Once you reach the line with "2025年5月,当时持股5." below, copy each line exactly, stopping after the line with "The roads of", and skip any pictures.

# Records to use
========
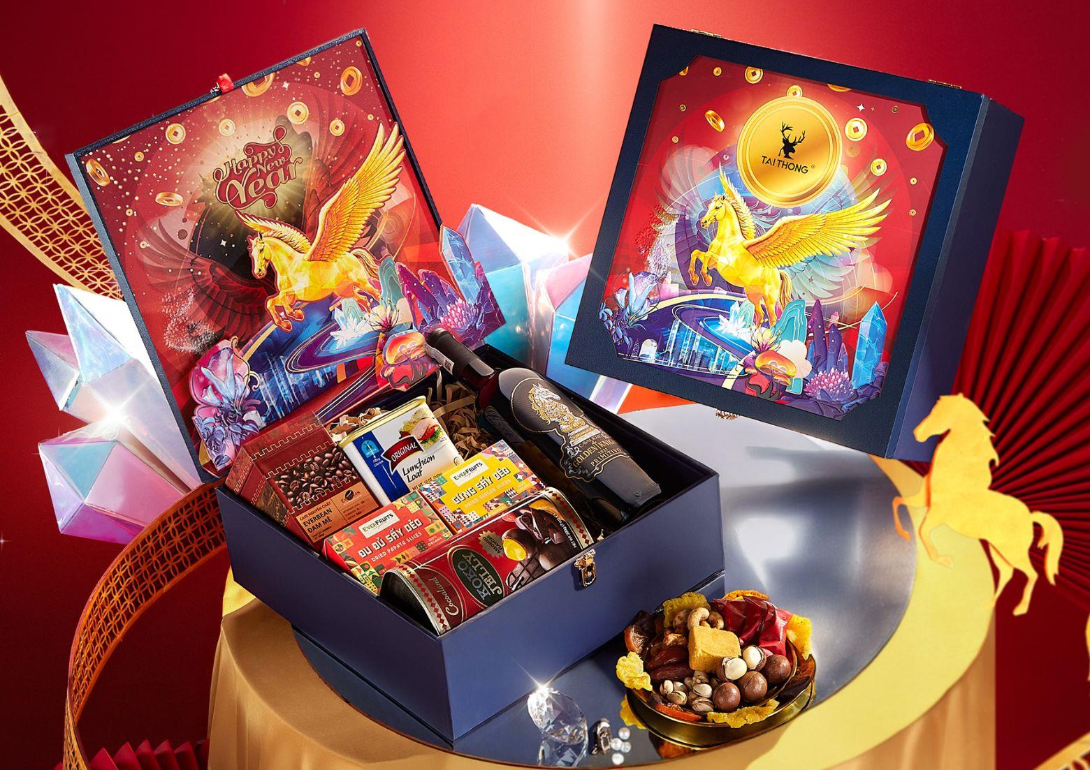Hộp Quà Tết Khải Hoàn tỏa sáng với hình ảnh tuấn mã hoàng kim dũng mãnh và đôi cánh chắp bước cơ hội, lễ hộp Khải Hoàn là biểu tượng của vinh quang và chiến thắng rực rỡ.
========
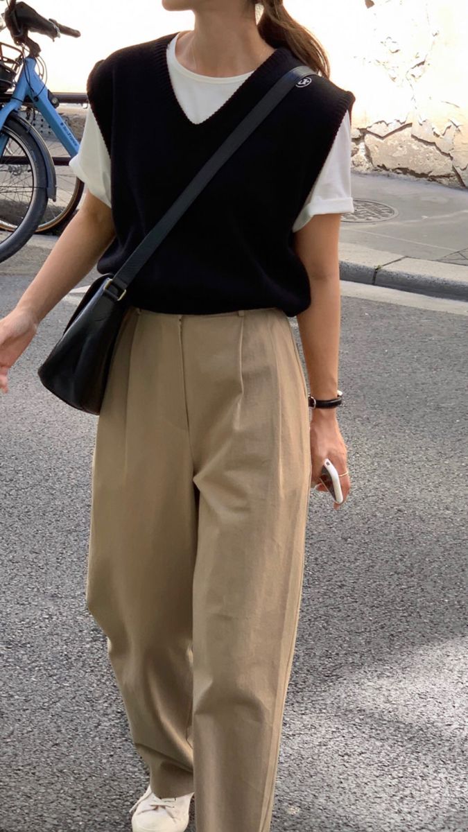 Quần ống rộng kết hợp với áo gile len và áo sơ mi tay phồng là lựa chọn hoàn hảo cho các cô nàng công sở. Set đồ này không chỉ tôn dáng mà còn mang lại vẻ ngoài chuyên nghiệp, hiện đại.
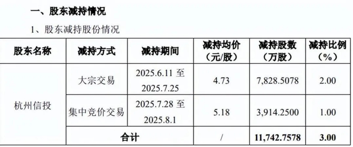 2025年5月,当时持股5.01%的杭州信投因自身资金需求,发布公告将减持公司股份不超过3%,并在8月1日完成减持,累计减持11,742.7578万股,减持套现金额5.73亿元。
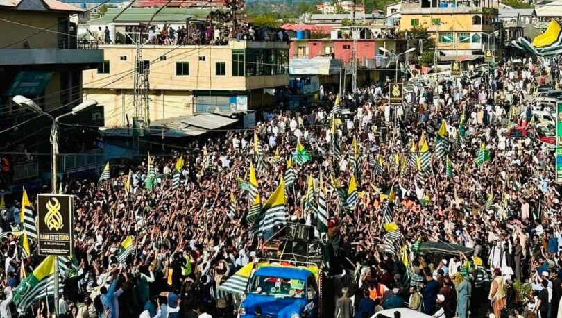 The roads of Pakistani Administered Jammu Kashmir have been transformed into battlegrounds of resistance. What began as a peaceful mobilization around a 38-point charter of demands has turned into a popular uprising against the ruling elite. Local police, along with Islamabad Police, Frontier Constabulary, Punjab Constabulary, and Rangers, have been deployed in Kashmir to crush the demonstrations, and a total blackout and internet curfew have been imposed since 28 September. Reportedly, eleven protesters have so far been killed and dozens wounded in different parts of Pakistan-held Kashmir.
========
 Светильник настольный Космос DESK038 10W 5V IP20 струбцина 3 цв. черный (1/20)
========
# Task result
 2025年5月,当时持股5.01%的杭州信投因自身资金需求,发布公告将减持公司股份不超过3%,并在8月1日完成减持,累计减持11,742.7578万股,减持套现金额5.73亿元。
 The roads of Pakistani Administered Jammu Kashmir have been transformed into battlegrounds of resistance. What began as a peaceful mobilization around a 38-point charter of demands has turned into a popular uprising against the ruling elite. Local police, along with Islamabad Police, Frontier Constabulary, Punjab Constabulary, and Rangers, have been deployed in Kashmir to crush the demonstrations, and a total blackout and internet curfew have been imposed since 28 September. Reportedly, eleven protesters have so far been killed and dozens wounded in different parts of Pakistan-held Kashmir.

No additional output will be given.